YOUR GOAL: Output the lines from the one containing "التقليدية المقاومة للماء." through the last line of the material below, exactly; please do not include pictures.

== DATA EXTRACT

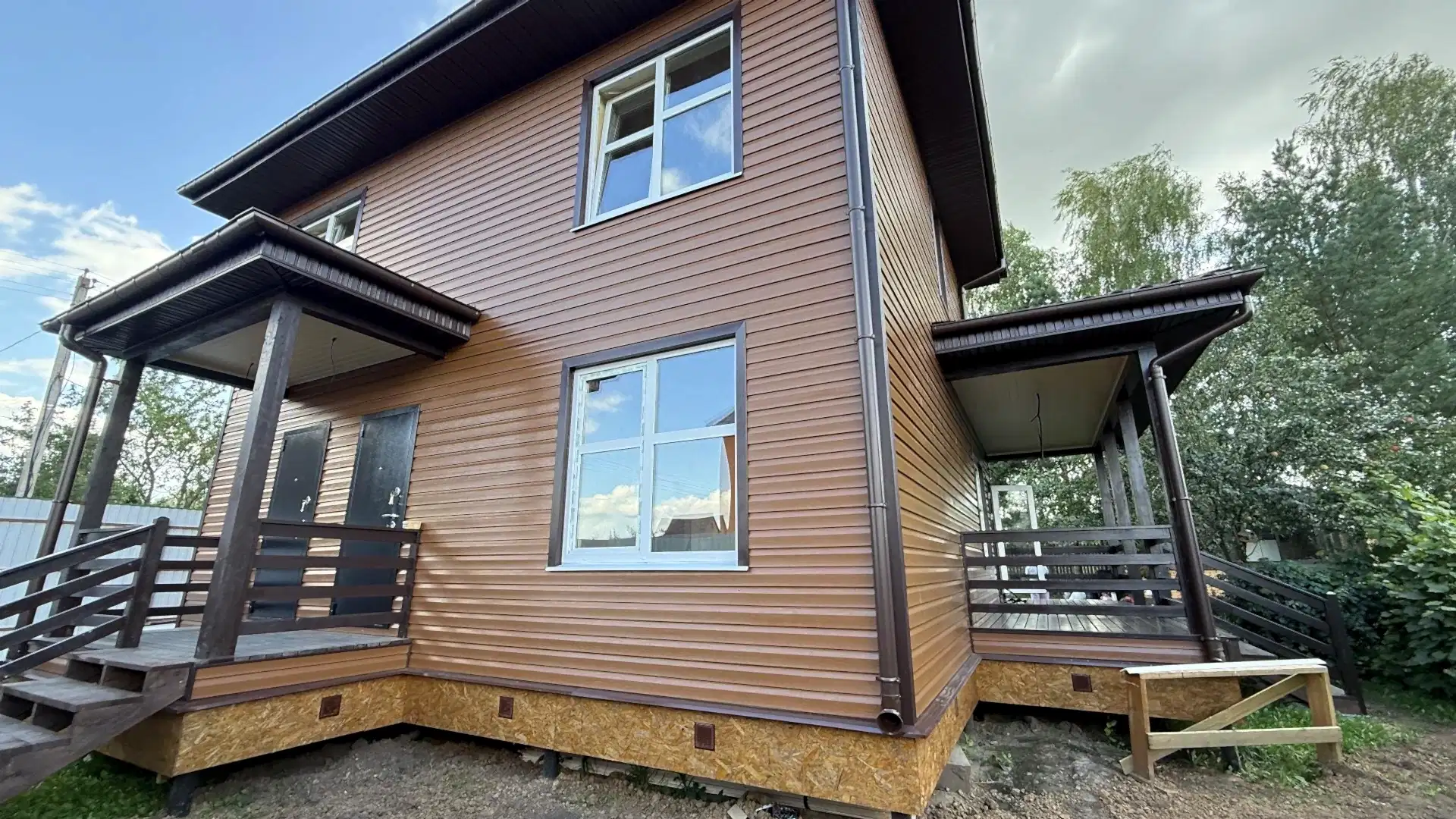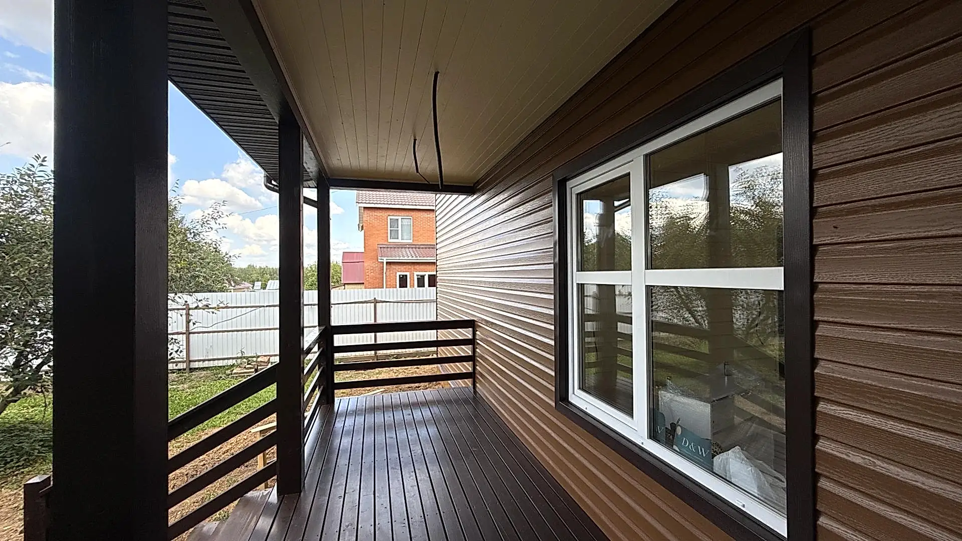 Свайно-винтовой (сваи D=108 м, PinUp мм). Нижняя обвязка - труба профильная металлическая 120х80 мм. Гидроизоляция фундамента - рубероид в два слоя. Монтажная доска ПМК обработана огнебиозащитой. Отделка фундамента дома ОСП-9 по обрешетке П По фундаменту установлены отливы (цвет белый).
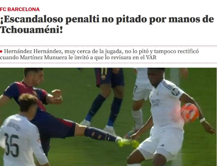 《世体》犀利指出,琼阿梅尼在禁区内的手球动作堪称“证据确凿”——其手臂明显外扩超出身体正常范围,且直接干扰了必进之球的轨迹。更令人费解的是,VAR裁判马丁内斯已向主裁埃尔南德斯提醒这一状况,现场主裁也目睹了全过程,却依然未做出任何判罚。这种无视规则的举动,在赛后引发巨大争议。
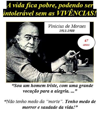 Vivenciar é valorizar cada segundo da nossa existência (vida), com experiências compartilhadas (AMIGOS). Isso fica mais evidente ao envelhecermos naturalmente e com gratidão pela vida vivenciada e compartilhada!
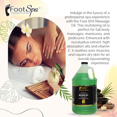 Foot SPA - Massage Oil, Eucalyptus Extract, 128 Oz - Professional Full Body Massage Therapy, Manicure, Pedicure - Relax Sore Muscles and Repair Dry Skin, Enhanced with High Absorption Oils, Vitamin E
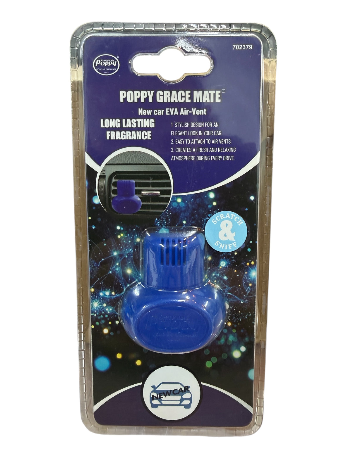 Ervaar een frisse en rustgevende rijomgeving met de Poppy Grace Mate EVA luchtverfrisser in de verkwikkende New Car geur. Deze stijlvolle luchtverfrisser is speciaal ontworpen voor eenvoudige bevestiging in het ventilatierooster van je voertuig. Dankzij de praktische clip is installatie in enkele seconden geregeld. Zodra de ventilatie lucht blaast, verspreidt zich direct een aangename geur door het interieur.
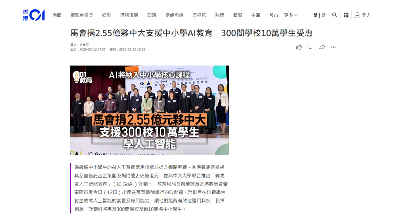 原文網址: 馬會捐2.55億夥中大支援中小學AI教育 300間學校10萬學生受惠 | 香港01 https://www.hk01.com/article/60330005?utm_source=01articlecopy&utm_medium=referral
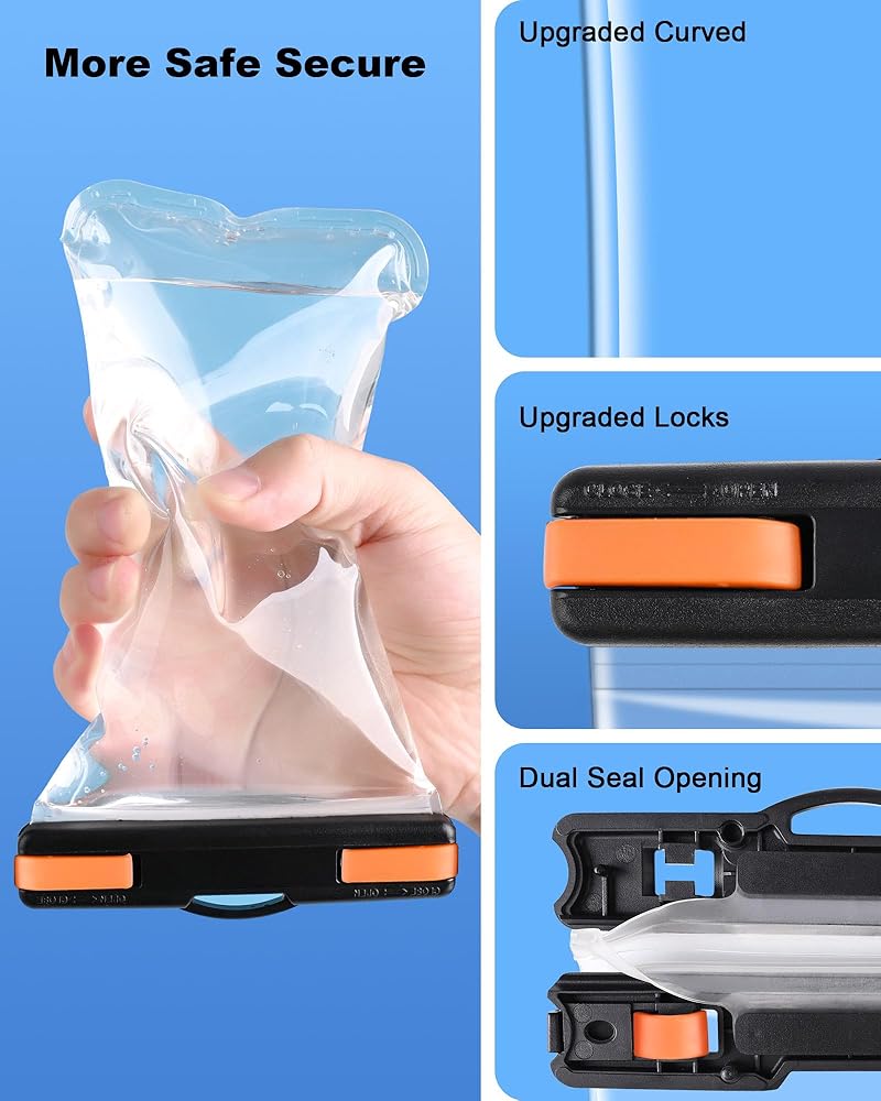 • [تصميم منحني مطور لعام 2024]: تتميز الحقيبة المقاومة للماء بجوانب منحنية، مما يعزز الوصول إلى أزرار الصوت والطاقة ويعالج القيود المسطحة للحقيبة التقليدية المقاومة للماء.
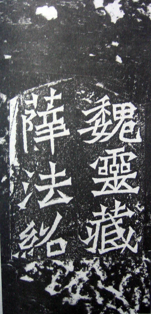 【释文】夫靈跡誕遘。必表光大之跡。 玄功既敷。亦標希世之作。 自雙林改造。大千懷綴映之悲。 慧日潛暉。唅生銜道慕之思。 是以應真。悼三乘之靡憑。 遂騰空以刊像。 爰暨下代。茲容厥作。 鉅鹿魏靈藏。河東薛法紹二人等。 求豪光東照之資。闕兜率翅頭之益。 敢輒磬家財。造石像一區。 凡及眾形。罔不備列。 願乾祚興延。万万朝貫。 願藏等挺三槐於孤峰。秀九蕀於華苑。 芳實再繁。荊條獨茂。合門榮葩。福流奕葉。 命終之後。飛逢千聖。神颺六通。智周三達。 曠世所生。元身眷屬。 捨百鄣則鵬擊龍花。悟無生則鳳昇道樹。 五道群生。咸同斯慶。 陸渾縣功曹魏靈藏。
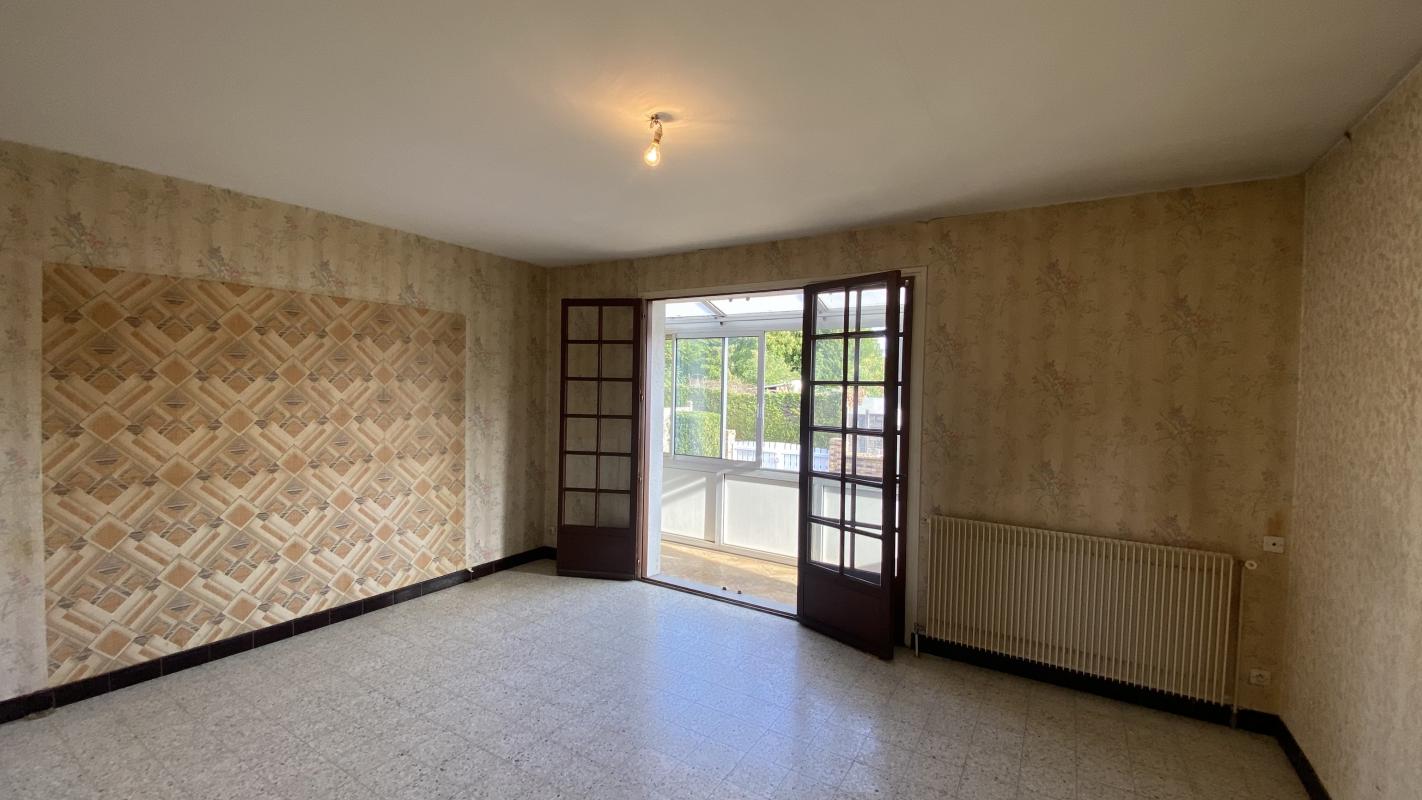 Une entrée donnant sur un séjour lumineux et un espace véranda, une cuisine aménagée, une salle de bain avec WC séparé et 2 chambres.

====

EXPECTED OUTPUT:
 • [تصميم منحني مطور لعام 2024]: تتميز الحقيبة المقاومة للماء بجوانب منحنية، مما يعزز الوصول إلى أزرار الصوت والطاقة ويعالج القيود المسطحة للحقيبة التقليدية المقاومة للماء.
 【释文】夫靈跡誕遘。必表光大之跡。 玄功既敷。亦標希世之作。 自雙林改造。大千懷綴映之悲。 慧日潛暉。唅生銜道慕之思。 是以應真。悼三乘之靡憑。 遂騰空以刊像。 爰暨下代。茲容厥作。 鉅鹿魏靈藏。河東薛法紹二人等。 求豪光東照之資。闕兜率翅頭之益。 敢輒磬家財。造石像一區。 凡及眾形。罔不備列。 願乾祚興延。万万朝貫。 願藏等挺三槐於孤峰。秀九蕀於華苑。 芳實再繁。荊條獨茂。合門榮葩。福流奕葉。 命終之後。飛逢千聖。神颺六通。智周三達。 曠世所生。元身眷屬。 捨百鄣則鵬擊龍花。悟無生則鳳昇道樹。 五道群生。咸同斯慶。 陸渾縣功曹魏靈藏。
 Une entrée donnant sur un séjour lumineux et un espace véranda, une cuisine aménagée, une salle de bain avec WC séparé et 2 chambres.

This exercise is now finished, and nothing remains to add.